Check graphically in chart.

XLC addin used to verify cell formulas.

**Calculation Reference**

Geometry for Enjoyment and Challenge, Rhoad

Geometry

Coordinate geometry

To find the intersection between a line and a circle with center at the origin, we can use the general equation of a circle:

x^2 + y^2 = r^2

where (0,0) is the center of the circle, and r is the radius.

Let the equation of the line be y = mx + b, where m is the slope and b is the y-intercept.

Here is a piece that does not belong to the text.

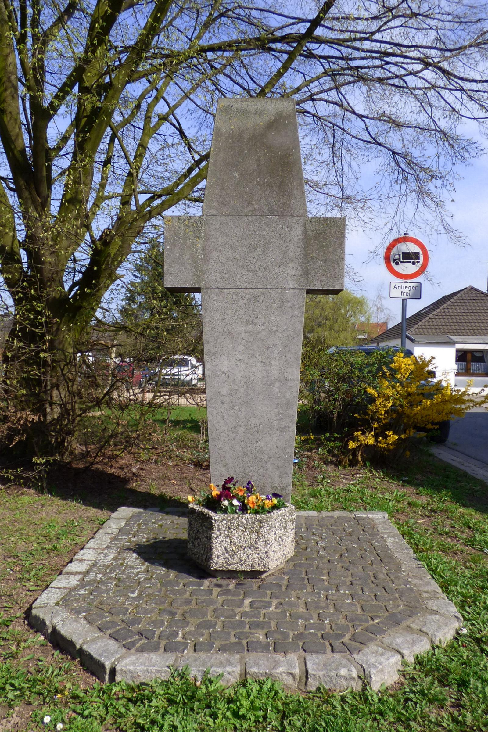 Standort: Das Wegekreuz hat seinen Standort am Spielplatz, an der Sebastianusstraße 14, im Stadtteil Dremmen, in der Stadt Heinsberg. Beschreibung: Bei dem Wegekreuz handelt es sich um ein ca. 3,00m hohes Steinkreuz. Vor dem Kreuz steht auf einer gepflasterten Fläche ein Blumenkübel.

Substituting y = mx + b into the equation of the circle, we get:

x^2 + (mx + b)^2 = r^2

Expanding the squares, we get:

x^2 + m^2x^2 + 2bmx + b^2 = r^2

Rearranging, we get:

(m^2 + 1) x^2 + 2bm x + (b^2 - r^2) = 0

This is a quadratic equation in x. Solving for x using the quadratic formula, we get:

x = [-bm ± sqrt((bm)^2 - (m^2 + 1)(b^2 - r^2))] / (m^2 + 1)

Substituting this value of x into the equation of the line, we get the corresponding values of y:

y = mx + b

So the points of intersection between the line and the circle are:

(x1, y1) = ([-bm + sqrt((bm)^2 - (m^2 + 1)(b^2 - r^2))] / (m^2 + 1), m([-bm + sqrt((bm)^2 - (m^2 + 1)(b^2 - r^2))] / (m^2 + 1)) + b)

(x2, y2) = ([-bm - sqrt((bm)^2 - (m^2 + 1)(b^2 - r^2))] / (m^2 + 1), m([-bm - sqrt((bm)^2 - (m^2 + 1)(b^2 - r^2))] / (m^2 + 1)) + b)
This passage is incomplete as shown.